Лет Серафиму Даниловичу за восемьдесят, и всегда он тут жил в слободе Правобережной около Копаньки, недалеко от ихнего кладбища с деревянными, как крышей крытыми, крестами и часовенкой из заозерного красного ракушечника. Всегда жил здесь, и родители его тут жили, и деды. Отлучался только на войну. И из нашего истинно христианского народа только Терентьева Анастасия Петровна его мальчишечкой помнит – в школу с ним ходила. До войны, до той войны, конечно.
– Всегда он такой болезненный бывал, – вспоминает бабка Настя, – девкам проку от него никакого не было, хоть и не порешил себя еще тогда. А и тогда, видать, Комолый был.
Пойди, правда, разберись, где истина. Знаем только, что как пришел с войны, отдали за него матушку Любовь – тогда еще совсем юную девчоночку – пятнадцать ей вряд ли и стукнуло.

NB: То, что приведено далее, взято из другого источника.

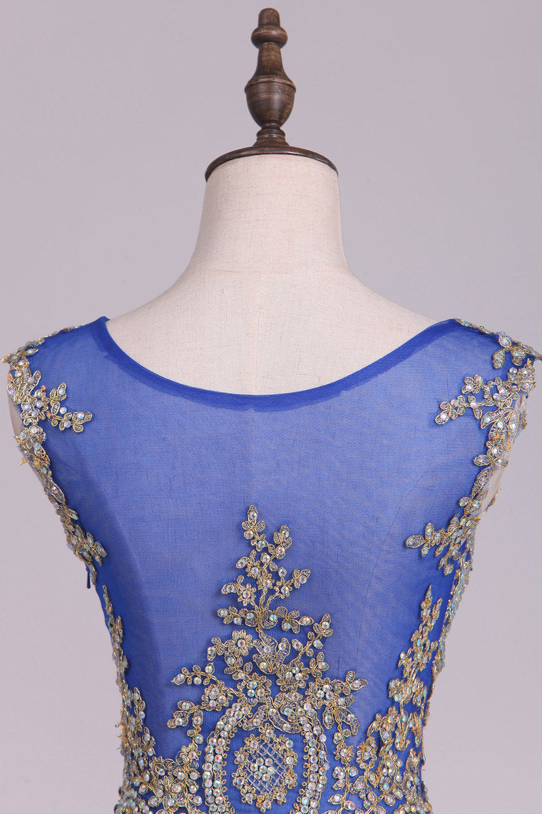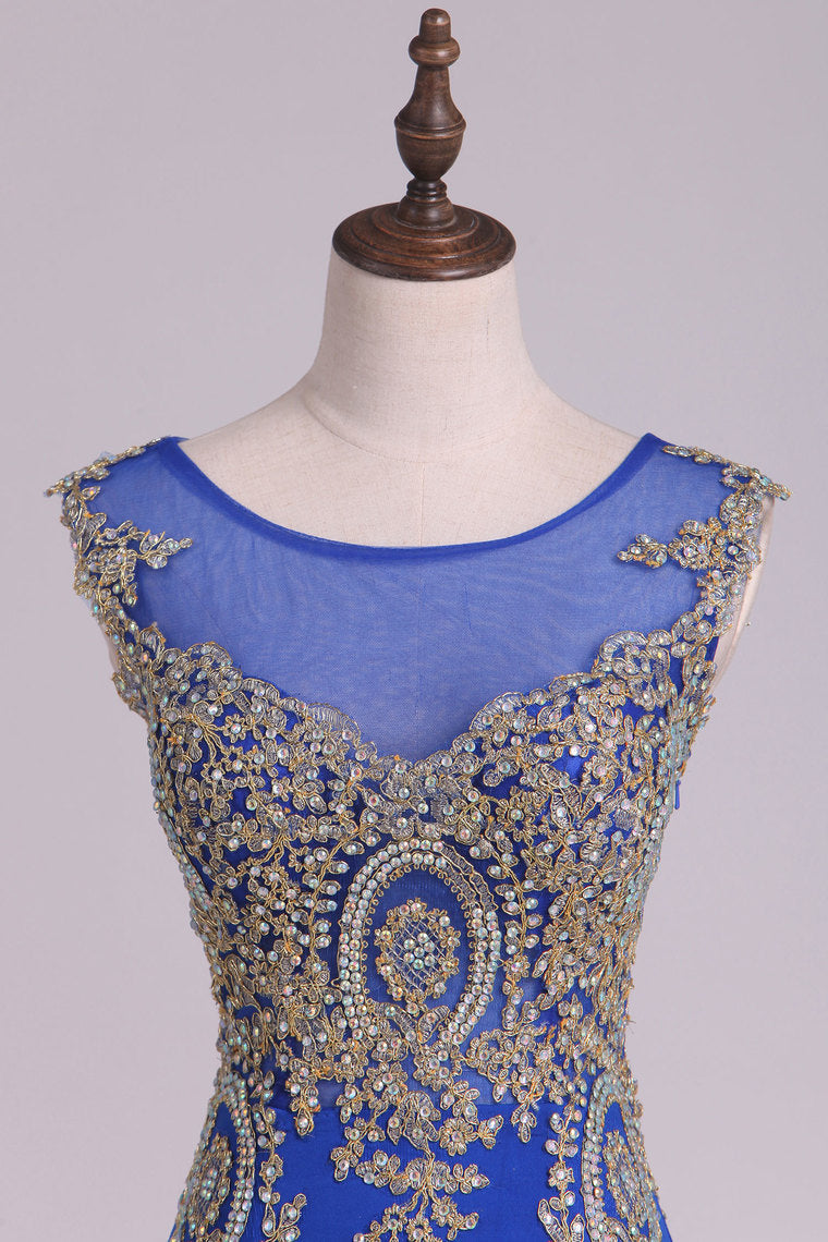2022 Scoop Prom Dresses Mermaid Spandex With Applique Sweep Train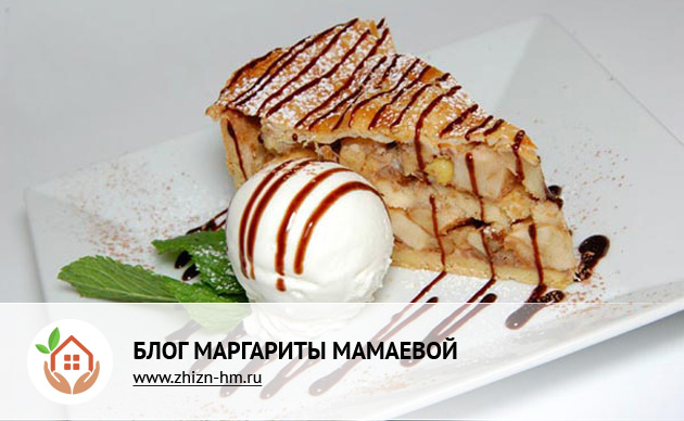 Добавьте при подаче к кусочку шарлотки шарик мороженного и у вас получится изысканный десерт.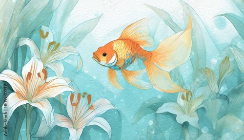 Naklejka premium 綺麗な金魚が百合と共に夏の香りを届ける透き通るような水墨画風のイラスト、水色の壁紙とグラデーション generated by AI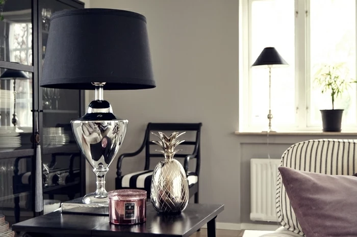 • Ein transparenter Glasfuß, wie bei den Lampen von H&M Home oder Zara Home, lässt die Leuchte luftig und leicht erscheinen und verdeckt nicht die Aussicht.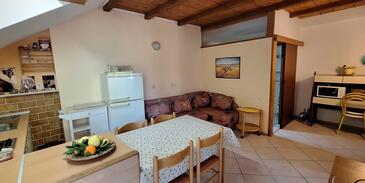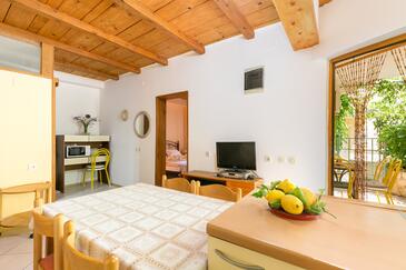 Ferienwohnung bietet Platz für 4 Gäste. Die Betten sind in Schlafzimmern, die es 1 gibt, und in Wohnzimmer, innerhalb einer Gesamtfläche von 40m2, angeordnet. Die Gäste haben eine eigene Terrasse zur Verfügung, auf der sie in warmen Sommernächten genießen können.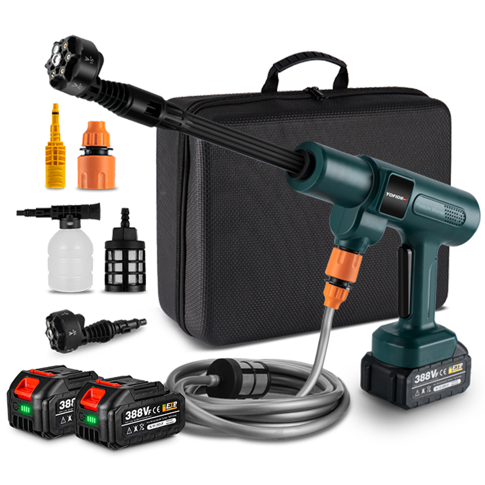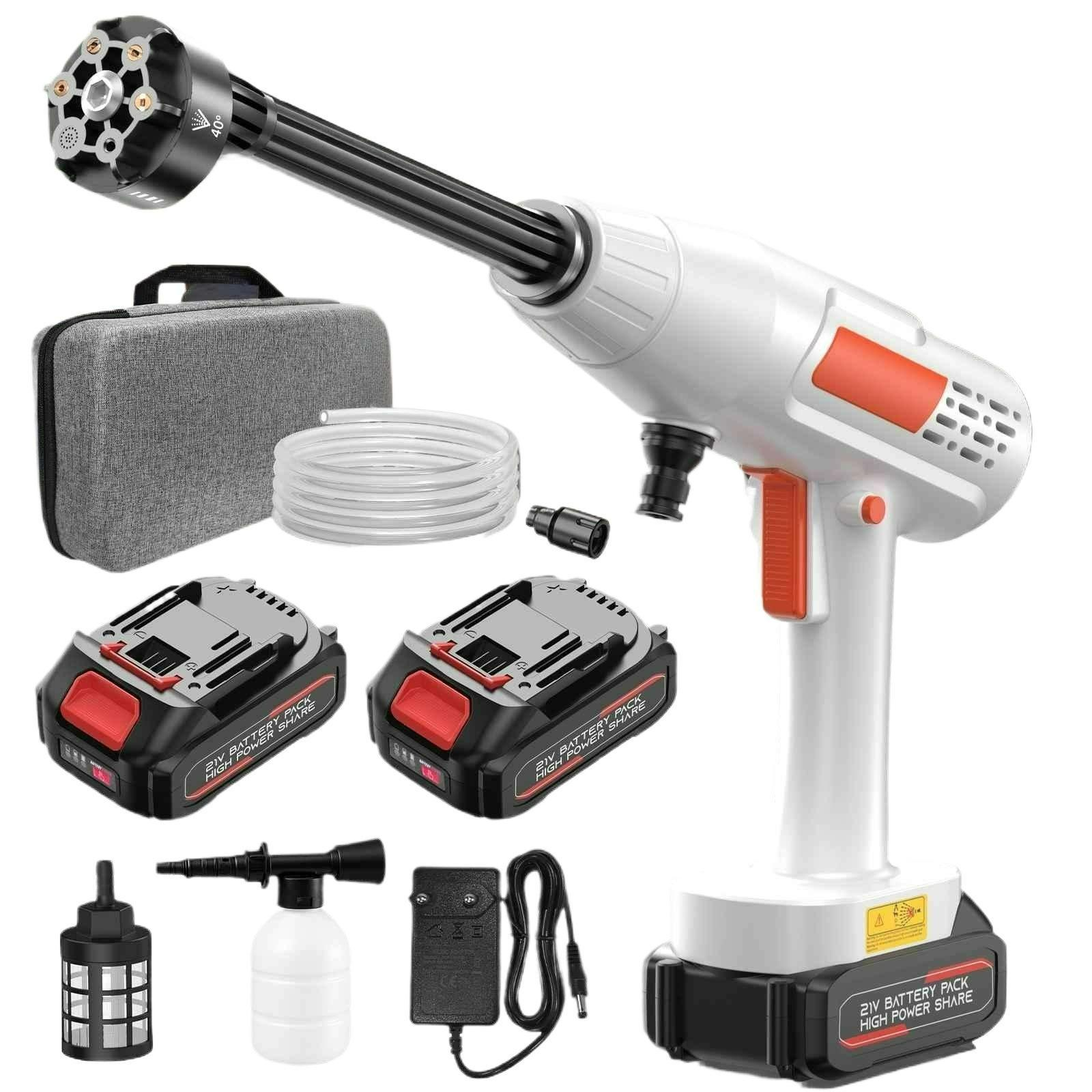 1 x Wasserpistole 1 x 6-in-1-Düse 1 x Boost-Düse 1 x Verstellbare Winkeldüse 1 x Schaumstofftopf 1 x Wasserfilter 1 x 5 m Schlauch 1 x Schnellverschluss-Schnittstelle 1 x Handtasche 2 x Batterie 1 x EU-Ladegerät

– Оторви да брось стрекозонька была. Глазищи не что теперь – озорнющие, хохотунья. Но пошла под венец безропотно – отец приказал. А у них ведь строго, не то что у нас, окаянных, теперь, – рассказывала нам бабка Настя. – Ну вот, пожили они так годочков с пять – детьми не обзавелись, но жили мирно-тихо, в церковь ходили, а днем Серафим Данилович в первой бане за мостом парикмахером служил. Хороший был мастер, мужики его уважали: к нему, бывало, очередь стояла – без боли, без пореза брил и на компрессы не скупился – мастер, словом, своего дела.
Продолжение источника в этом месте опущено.